Beginning with the line containing "со сливками, 1кг" and going on through the line containing "ピンク背景で撮影をしたスポーティな服装をした若い女性のキュートなポートレート", the lines below are to be returned exactly, pictures excluded and nothing added.

(The input)
---*---
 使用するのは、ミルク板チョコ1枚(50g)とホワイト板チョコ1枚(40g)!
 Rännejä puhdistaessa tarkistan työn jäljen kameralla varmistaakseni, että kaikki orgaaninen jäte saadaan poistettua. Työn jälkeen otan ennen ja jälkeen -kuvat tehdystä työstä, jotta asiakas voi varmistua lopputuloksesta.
---*---
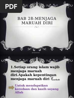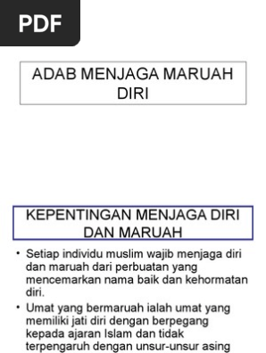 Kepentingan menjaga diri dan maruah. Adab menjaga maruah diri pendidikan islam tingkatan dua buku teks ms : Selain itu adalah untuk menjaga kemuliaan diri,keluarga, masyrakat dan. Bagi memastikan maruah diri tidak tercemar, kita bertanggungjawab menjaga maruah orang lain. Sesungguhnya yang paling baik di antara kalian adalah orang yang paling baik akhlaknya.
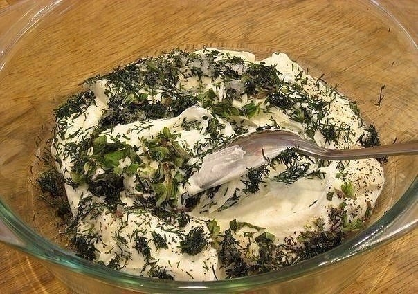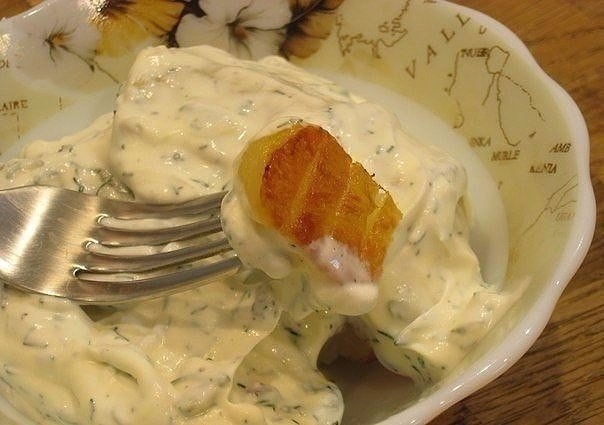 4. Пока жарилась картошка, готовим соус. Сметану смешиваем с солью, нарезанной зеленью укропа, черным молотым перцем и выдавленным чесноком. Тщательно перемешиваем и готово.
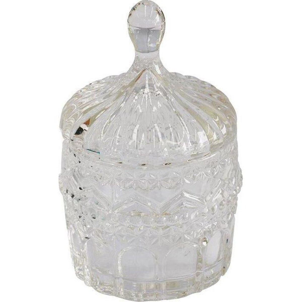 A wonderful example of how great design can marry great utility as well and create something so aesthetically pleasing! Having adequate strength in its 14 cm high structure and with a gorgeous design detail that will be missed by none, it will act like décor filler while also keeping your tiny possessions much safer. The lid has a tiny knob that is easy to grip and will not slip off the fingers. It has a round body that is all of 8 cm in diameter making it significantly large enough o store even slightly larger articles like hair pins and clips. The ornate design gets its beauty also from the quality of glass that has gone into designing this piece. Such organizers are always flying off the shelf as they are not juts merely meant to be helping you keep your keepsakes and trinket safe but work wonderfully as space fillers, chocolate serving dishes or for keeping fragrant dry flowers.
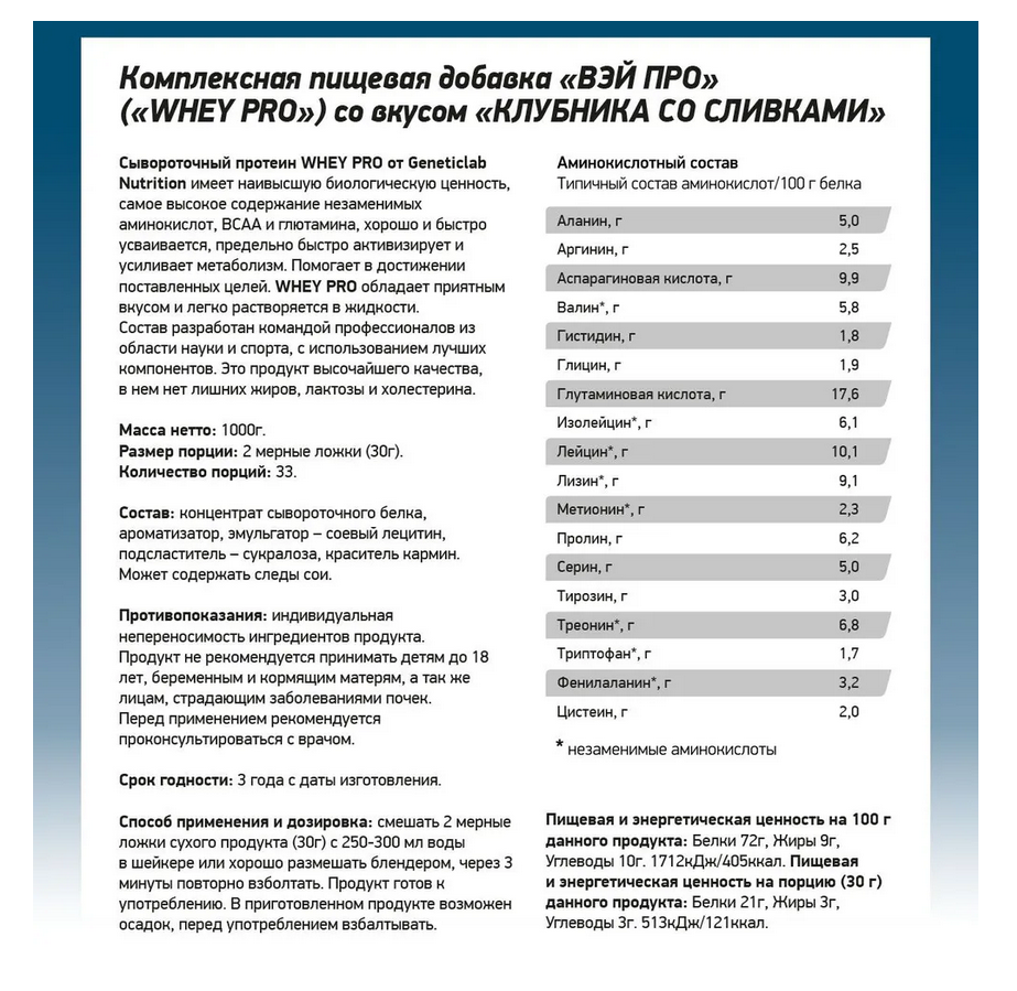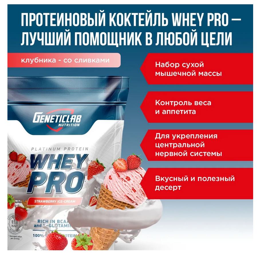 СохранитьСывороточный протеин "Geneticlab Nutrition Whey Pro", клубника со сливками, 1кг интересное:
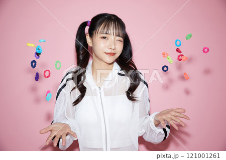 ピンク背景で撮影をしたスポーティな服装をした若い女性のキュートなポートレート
---*---
(Reply to the task)
 СохранитьСывороточный протеин "Geneticlab Nutrition Whey Pro", клубника со сливками, 1кг интересное:
 ピンク背景で撮影をしたスポーティな服装をした若い女性のキュートなポートレート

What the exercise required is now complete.